+++ Data supplied +++

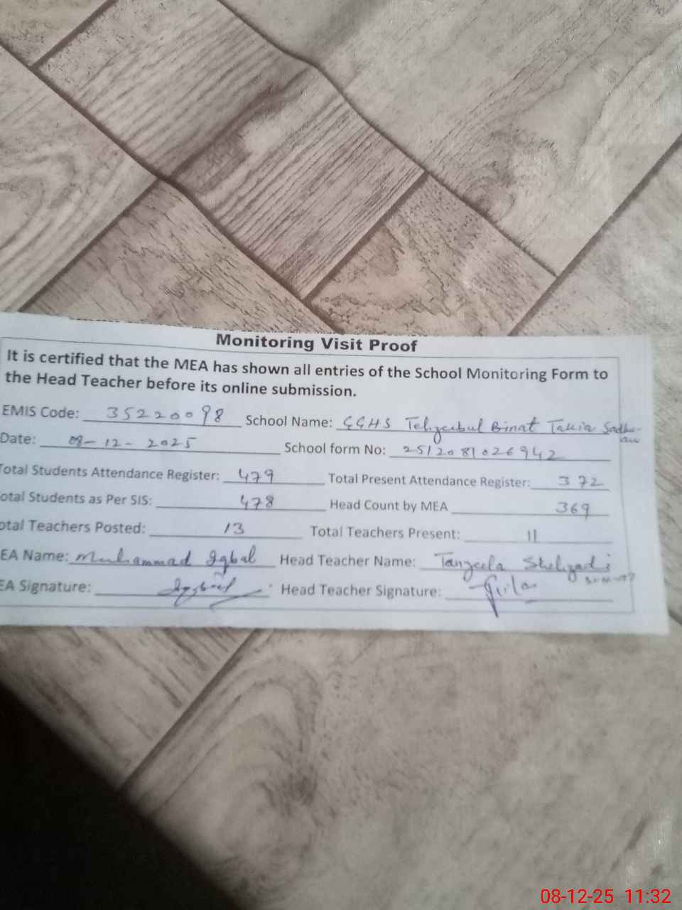 | EMIS Code: 35220098 | Name of School: GGHS TEHZEEB-UL-BINAT TAKIA SADHUAN LAHORE | |||
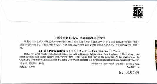 China PRC First Day FDC BELGICA 2001 Pottery Art ZAYIX 040922SM19
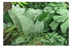 The high fiber content in cocoyam leaves aids digestion and promotes a healthy gut.
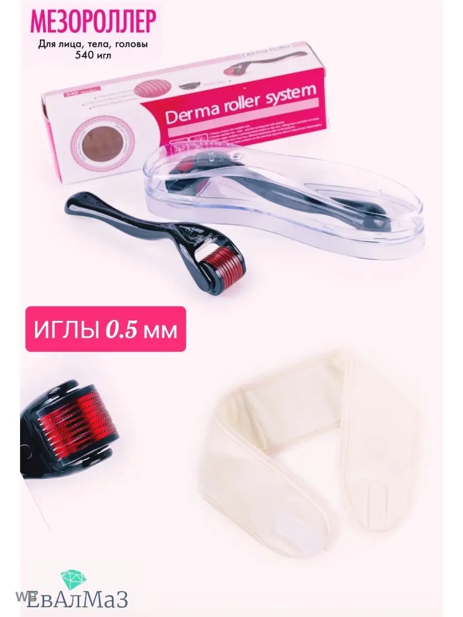 Мезороллер (дермароллер) для бороды и лица с длиной игры 0.5 мм. Мезороллеры с длиной игл 0.5 - 1.0 мм используются для лица и области декольте. Роллер обеспечивает лучшее усвоение других продуктов, которые наносятся на кожу, поэтому кремы и сыворотки работают гораздо более эффективно. Мезороллер стимулирует восстановительные процессы: улучшает выработку собственного коллагена и эластина, уменьшает глубокие шрамы и следы угревой сыпи, подтягивает овал лица. Мезороллер, который содержит 540 игл является практически универсальным, подходит для работы по лицу, волосистой части головы, по окологлазничной области, области декольте. Уменьшаются мелкие морщины, кожа свежеет и сияет. Но не делайте процедуру слишком часто, коже надо успевать восстановиться. Если ваша кожа чувствительная, используйте роллер более деликатно, уменьшая давление. Результат достигается курсами по 10-15 процедур 2-3 раза в неделю. мезороллер для бороды помогает пробуждению спящих волосяных луковиц. Борется с растяжками, избавляет от пигментных пятен, устраняет целлюлит. Аппарат для коррекции фигуры способствует улучшению кровообращения волосистой части головы, стимулирует рост новых волос, бороды. Роликовый массажер для лица удобно брать с собой в дальние поездки. Аппаратная косметология для лица у вас дома. Перед использованием иголочки дермароллера необходимо продезинфицировать в спиртовом растворе или раствором мирамистина .ПРОТИВОПОКАЗАНИЯ к применению дермароллера: рубцы, любые воспаления на коже, беременность, псориаз и т.п В комплекте идет коробка, пластиковый чехол в котором находится мезороллер + ПОДАРОК повязка для головы, чтобы более удобно было пользоваться дермароллером!!!
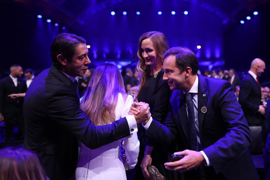 FOTO: o cumprimento entre Varandas e Rui Costa na gala Quinas de Ouro
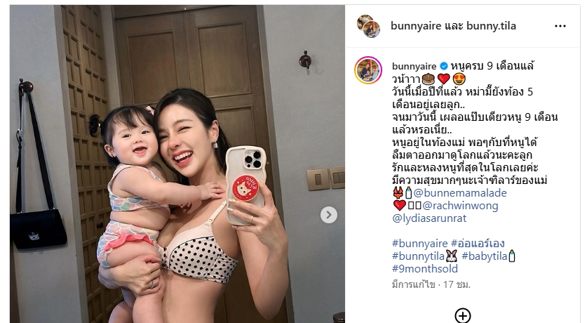 โดย แอร์ โพสต์ระบุว่า “หนูครบ 9 เดือนแล้วน้าาา วันนี้เมื่อปีที่แล้ว หม่ามี๊ยังท้อง 5 เดือนอยู่เลยลูก.. จนมาวันนี้ เผลอแป๊บเดียวหนู 9 เดือนแล้วหรอเนี่ย.. หนูอยู่ในท้องแม่ พอๆกับที่หนูได้ลืมตาออกมาดู โลกแล้วนะคะลูก รักและหลงหนูที่สุดในโลกเลยค่ะ มีความสุขมากๆนะเจ้าฑิลาร์ของแม่”
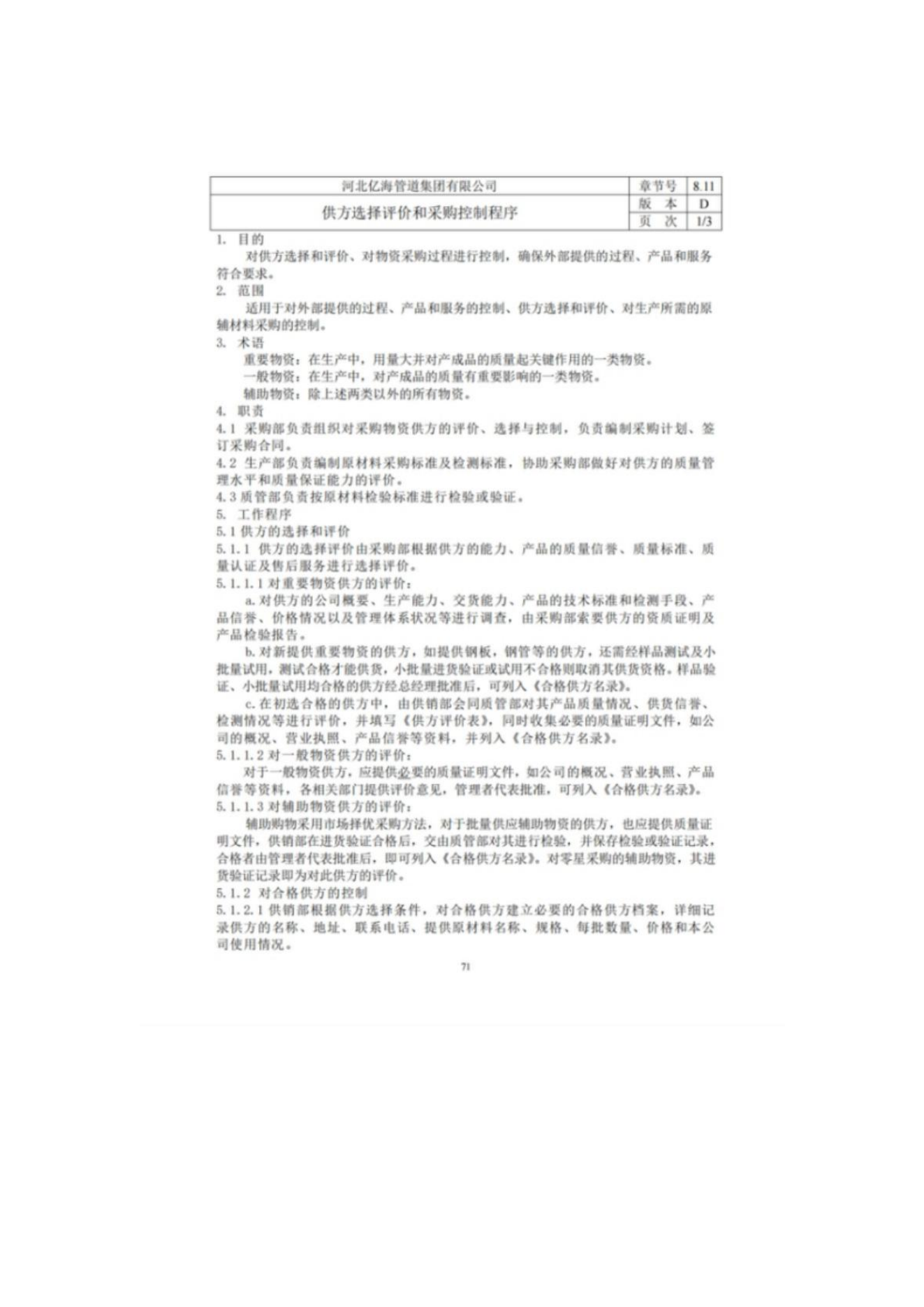 供方選擇評價和采購控制程序
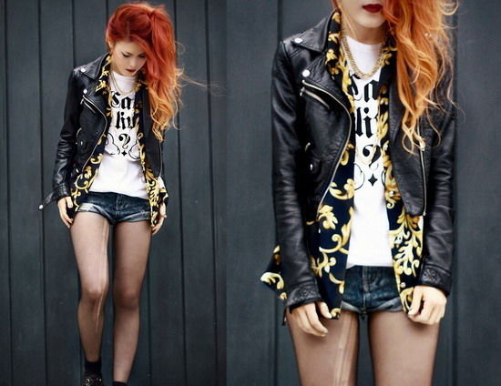 帥氣的黑色皮衣與酷味十足的黑色印花襯衣,時尚、前衛(wèi)。牛仔熱褲的搭配更是為造型添加了一份街頭感,破洞的絲襪透漏了濃濃的叛逆感。

+++

Work order >>
Restate the entries above word for word, and keep the pictures out.

Response to the exercise >>
 | EMIS Code: 35220098 | Name of School: GGHS TEHZEEB-UL-BINAT TAKIA SADHUAN LAHORE | |||
 China PRC First Day FDC BELGICA 2001 Pottery Art ZAYIX 040922SM19
 The high fiber content in cocoyam leaves aids digestion and promotes a healthy gut.
 Мезороллер (дермароллер) для бороды и лица с длиной игры 0.5 мм. Мезороллеры с длиной игл 0.5 - 1.0 мм используются для лица и области декольте. Роллер обеспечивает лучшее усвоение других продуктов, которые наносятся на кожу, поэтому кремы и сыворотки работают гораздо более эффективно. Мезороллер стимулирует восстановительные процессы: улучшает выработку собственного коллагена и эластина, уменьшает глубокие шрамы и следы угревой сыпи, подтягивает овал лица. Мезороллер, который содержит 540 игл является практически универсальным, подходит для работы по лицу, волосистой части головы, по окологлазничной области, области декольте. Уменьшаются мелкие морщины, кожа свежеет и сияет. Но не делайте процедуру слишком часто, коже надо успевать восстановиться. Если ваша кожа чувствительная, используйте роллер более деликатно, уменьшая давление. Результат достигается курсами по 10-15 процедур 2-3 раза в неделю. мезороллер для бороды помогает пробуждению спящих волосяных луковиц. Борется с растяжками, избавляет от пигментных пятен, устраняет целлюлит. Аппарат для коррекции фигуры способствует улучшению кровообращения волосистой части головы, стимулирует рост новых волос, бороды. Роликовый массажер для лица удобно брать с собой в дальние поездки. Аппаратная косметология для лица у вас дома. Перед использованием иголочки дермароллера необходимо продезинфицировать в спиртовом растворе или раствором мирамистина .ПРОТИВОПОКАЗАНИЯ к применению дермароллера: рубцы, любые воспаления на коже, беременность, псориаз и т.п В комплекте идет коробка, пластиковый чехол в котором находится мезороллер + ПОДАРОК повязка для головы, чтобы более удобно было пользоваться дермароллером!!!
 FOTO: o cumprimento entre Varandas e Rui Costa na gala Quinas de Ouro
 โดย แอร์ โพสต์ระบุว่า “หนูครบ 9 เดือนแล้วน้าาา วันนี้เมื่อปีที่แล้ว หม่ามี๊ยังท้อง 5 เดือนอยู่เลยลูก.. จนมาวันนี้ เผลอแป๊บเดียวหนู 9 เดือนแล้วหรอเนี่ย.. หนูอยู่ในท้องแม่ พอๆกับที่หนูได้ลืมตาออกมาดู โลกแล้วนะคะลูก รักและหลงหนูที่สุดในโลกเลยค่ะ มีความสุขมากๆนะเจ้าฑิลาร์ของแม่”
 供方選擇評價和采購控制程序
 帥氣的黑色皮衣與酷味十足的黑色印花襯衣,時尚、前衛(wèi)。牛仔熱褲的搭配更是為造型添加了一份街頭感,破洞的絲襪透漏了濃濃的叛逆感。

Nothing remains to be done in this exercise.